LAPD chief Charlie Beck reviews the recruit officer class 6-13 at their… (Los Angeles Times )
The recent resignation of Sheriff Lee Baca presents a much-needed opportunity for meaningful, lasting and long-overdue reform of the Los Angeles County Sheriff's Department. The federal indictments in December of 18 former and current sheriff's deputies are the latest and most dramatic indication of a department in desperate need of change. In charting the road for reform — with the multifaceted aims of transforming a troubling culture, institutionalizing internal structural changes and rebuilding public confidence — much can be learned from the experiences that propelled reform of the Los Angeles Police Department.
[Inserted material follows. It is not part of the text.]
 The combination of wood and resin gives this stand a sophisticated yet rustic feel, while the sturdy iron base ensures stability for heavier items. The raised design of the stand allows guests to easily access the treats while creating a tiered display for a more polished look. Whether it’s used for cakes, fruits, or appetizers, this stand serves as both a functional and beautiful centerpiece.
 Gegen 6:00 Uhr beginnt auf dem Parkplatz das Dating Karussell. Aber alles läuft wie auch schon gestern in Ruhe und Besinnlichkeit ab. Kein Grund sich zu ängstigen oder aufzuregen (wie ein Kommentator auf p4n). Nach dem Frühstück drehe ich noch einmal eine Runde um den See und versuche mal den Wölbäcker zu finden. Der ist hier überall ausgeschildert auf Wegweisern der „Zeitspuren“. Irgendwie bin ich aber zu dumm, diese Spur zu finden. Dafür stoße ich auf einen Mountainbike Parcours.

For decades, the LAPD was plagued by a culture that tolerated, and at times encouraged, civil rights violations. Every time there was a major incident of misconduct, department and city leaders said the misconduct was the result of just a "few bad apples." A study would be done and there would be proposals for reform. Some would be adopted; most would be ignored. The problem would be deemed solved until the next incident precipitated the same pattern of responses.
This cycle ended with the Rampart scandal in 2000, which exposed officers in an anti-gang unit who planted evidence on innocent people and lied in court to gain convictions. In the wake of these revelations, the Justice Department informed city officials that it was contemplating suing Los Angeles for a pattern and practice of civil rights violations. The city entered into a consent decree that mandated many changes overseen by a monitor and a federal judge. Mayor James Hahn appointed a police chief from outside the department, William J. Bratton. Real reforms occurred and the LAPD today is a vastly different department.
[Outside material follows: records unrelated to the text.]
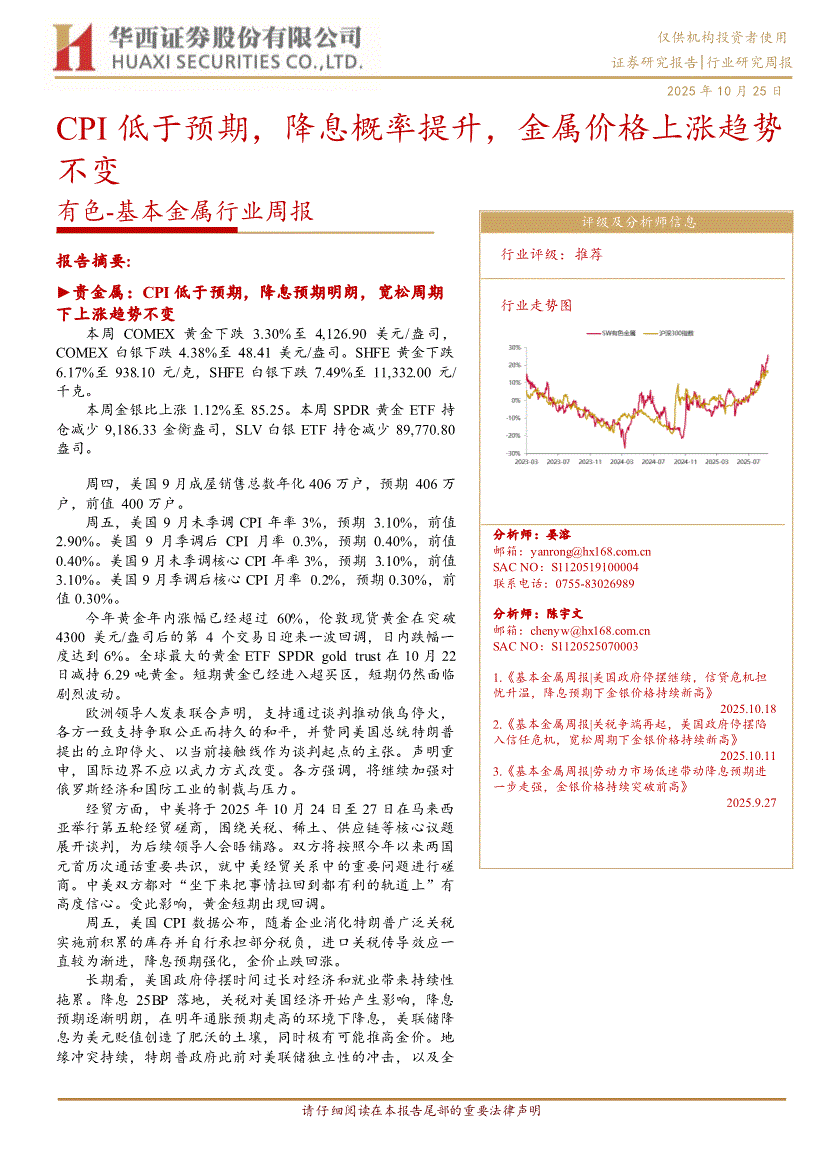 有色~基本金属行业研报:华西证券-有色~基本金属行业周报:CPI低于预期,降息概率提升,金属价格上涨趋势不变-251025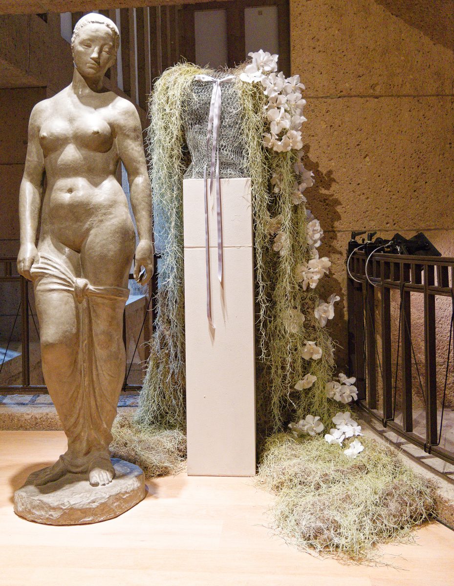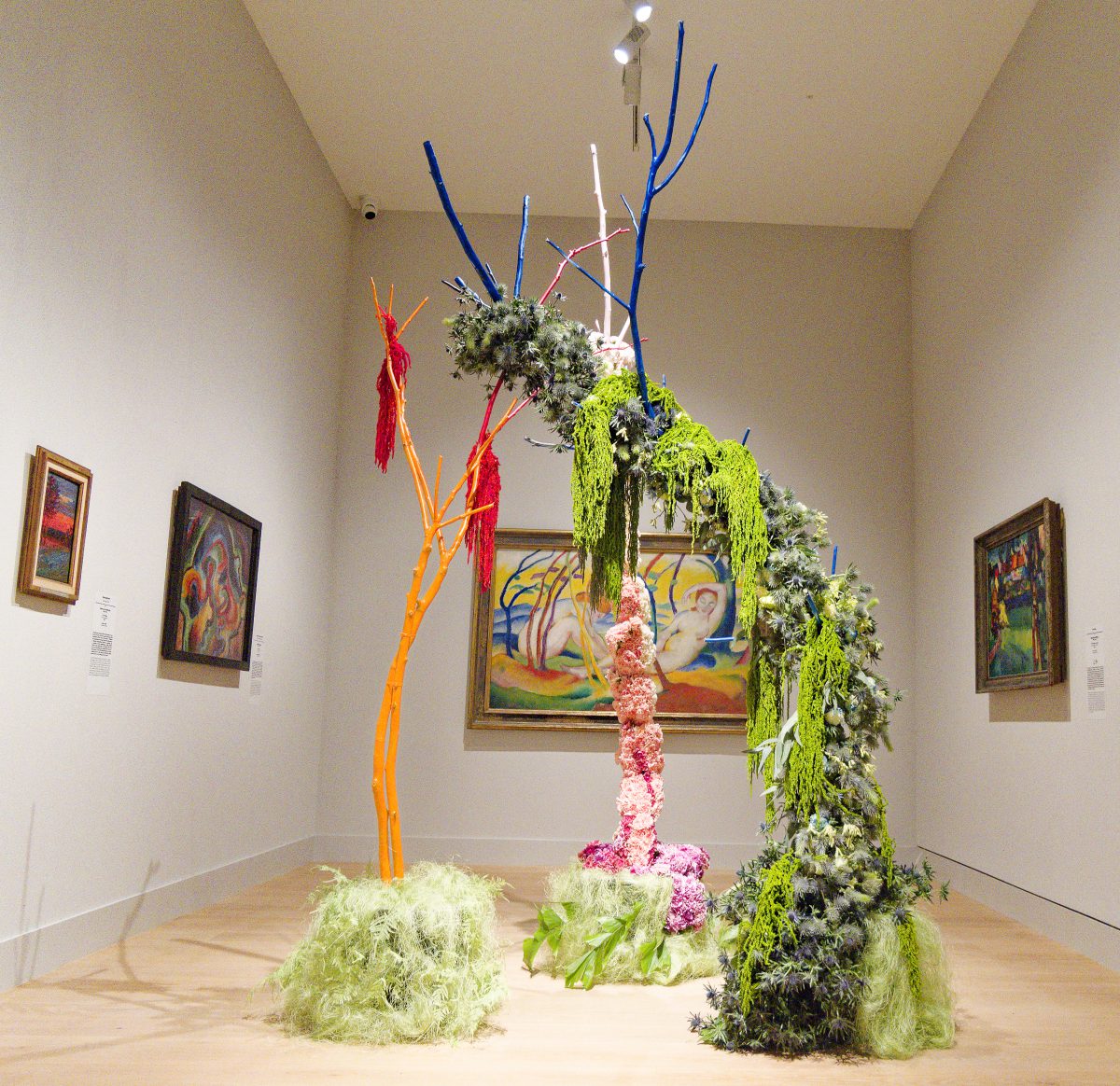 Bei der Auswahl der Räume und Werke sowie der Gestaltung ihrer korrespondierenden Blumenarrangements haben die Florist*innen freie Hand. Das Blumenhaus am Hofgarten erinnert vorm Altarbild zu Beginn des Sammlungsrundgangs mit Pfaffenhütchen an die ersten Orgeln, diein der Renaissance Einzug in deutsche Kirchen hielten und deren Orgelpfeifen damals aus dem Holz dieser Pflanze geschnitzt wurden. In einen großen Baumstamm werden Orgelpfeifen und Pfaffenhütchenäste gestellt und diese Konstruktion mit Rosen, Ilex und Blumen ergänzt, die eine religiöse Bildsprache evozieren.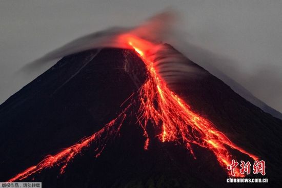 印度尼西亚默拉皮火山喷发 熔岩喷涌流淌

Important lessons can be drawn from this experience. First, civilian oversight is essential. A police or sheriff's department is in many ways a paramilitary organization. Civilian engagement and a transparent vehicle for accountability is critical. That means having department leadership that is held accountable for measures of progress and answerable to voices from the community who are focused on maintaining the highest standards of constitutional policing.
The path to reform at LAPD began with the Christopher Commission, which in the wake of the 1991 Rodney King beating proposed that the Los Angeles Police Commission have authority to manage the department. Voters then approved a City Charter amendment empowering the commission.
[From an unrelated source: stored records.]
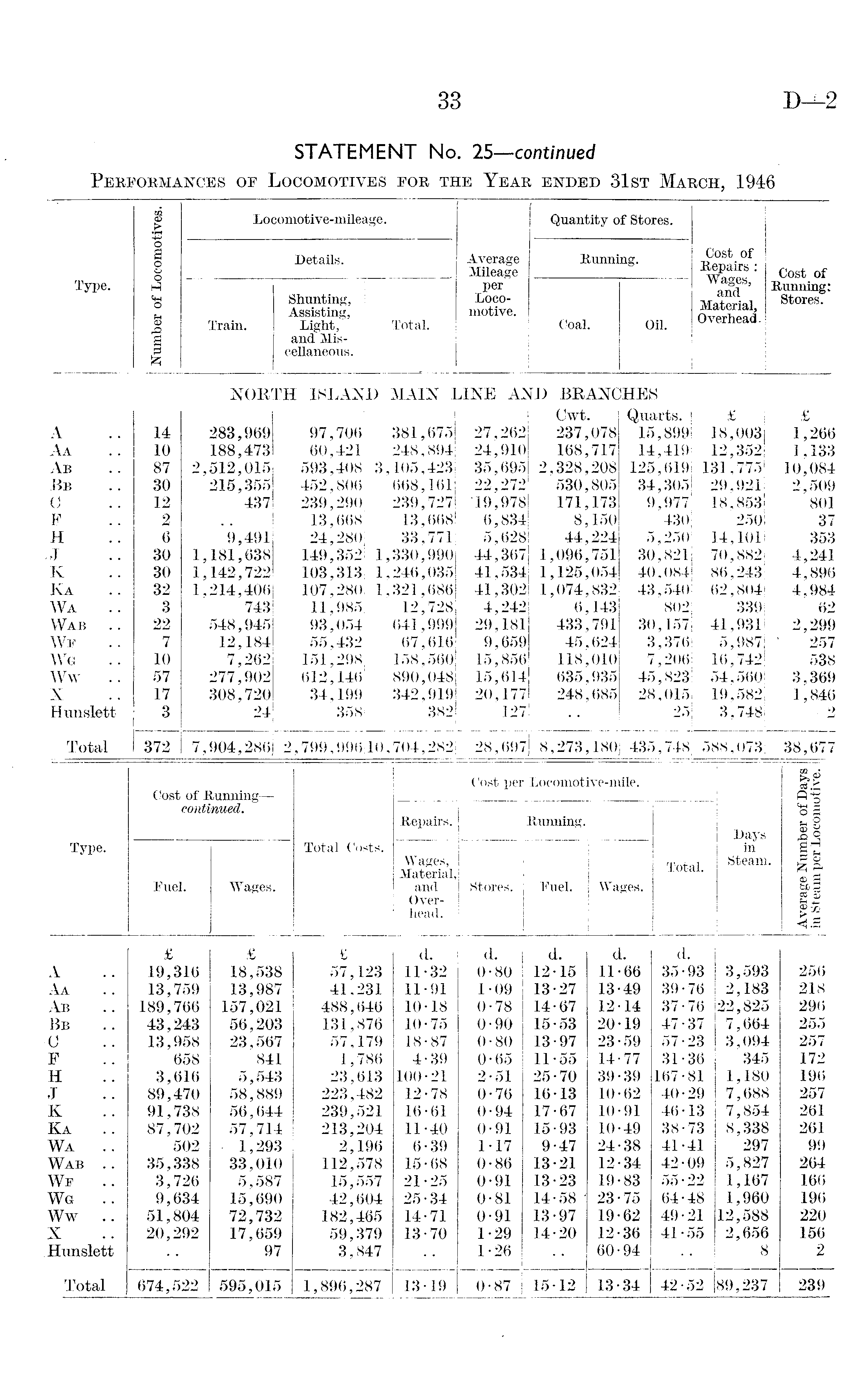 STATEMENT No. 25—continued Performances of Locomotives for the Year ended 31st March, 1946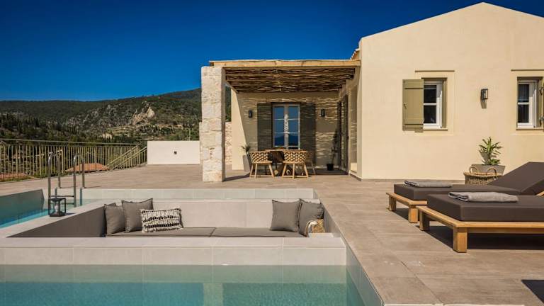 Die Unterkunft Uberina - Olea Di Assos Villas liegt in Asos, in der Region Ionische Inseln, nur 400 m vom Strand Assos entfernt. Der Hafen Fiskardo ist 20 km entfernt und der nächstgelegene Flughafen ist der Flughafen Kefalonia, welcher sich in 43 km Entfernung befindet.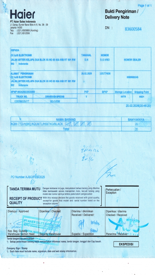 CV AJS ELEKTRONIK JALAN ARTERI KELAPA DUA BLOK 65 NO 65 65A 65B RT 001 RW 002 ID |

Unlike the police chief in Los Angeles, the sheriff is elected and directly answerable only to the voters. The county Board of Supervisors sets the sheriff's budget, but it cannot manage the department or mandate full access and authority for any civilian commission. Although these constraints render a civilian oversight board less than perfect, there are still significant benefits to its creation. The supervisors should proceed down this path, even as efforts continue to create by statute the best possible authority for civilian oversight.
It is also important to bring in leadership from outside the sheriff's office. The Christopher Commission, and every major study of the LAPD, found that the central problem was the culture of the department. Studies of the sheriff's office have said the same thing. It is difficult for a person who is a product of that culture and environment to be the one to change it. It is not coincidental that the major changes in the LAPD occurred only after a strong leader from outside the department was appointed as its chief.
And there is great value in external standards and monitoring. The reform of the LAPD happened when the Justice Department got involved and a consent decree, with a monitor, was approved. It is difficult for a department to reform itself, especially when problems are systemic and long-standing.
Finally, it was crucial that Bratton acknowledged past problems and sincerely embraced the need for reform. Absent recognition of past problems, that troubling history is destined to repeat itself, especially when the spotlight fades. It is imperative that the next sheriff not simply be committed to reform but also be fully candid about the department's disturbing history.
The Citizens' Commission on Jail Violence in 2012 documented a troubling culture in the Sheriff's Department that fostered abuse of force and allowed excessive force to continue for decades. It has crafted a detailed road map for change. But implementing this blueprint will require the right people, the right structure and the right oversight.
The experience of the LAPD shows that real reform can happen. Now it must occur in the Sheriff's Department.
Erwin Chemerinsky is dean of the UC Irvine School of Law. Miriam Aroni Krinsky is a policy consultant for the California Endowment and served as the executive director of the Citizens' Commission on Jail Violence.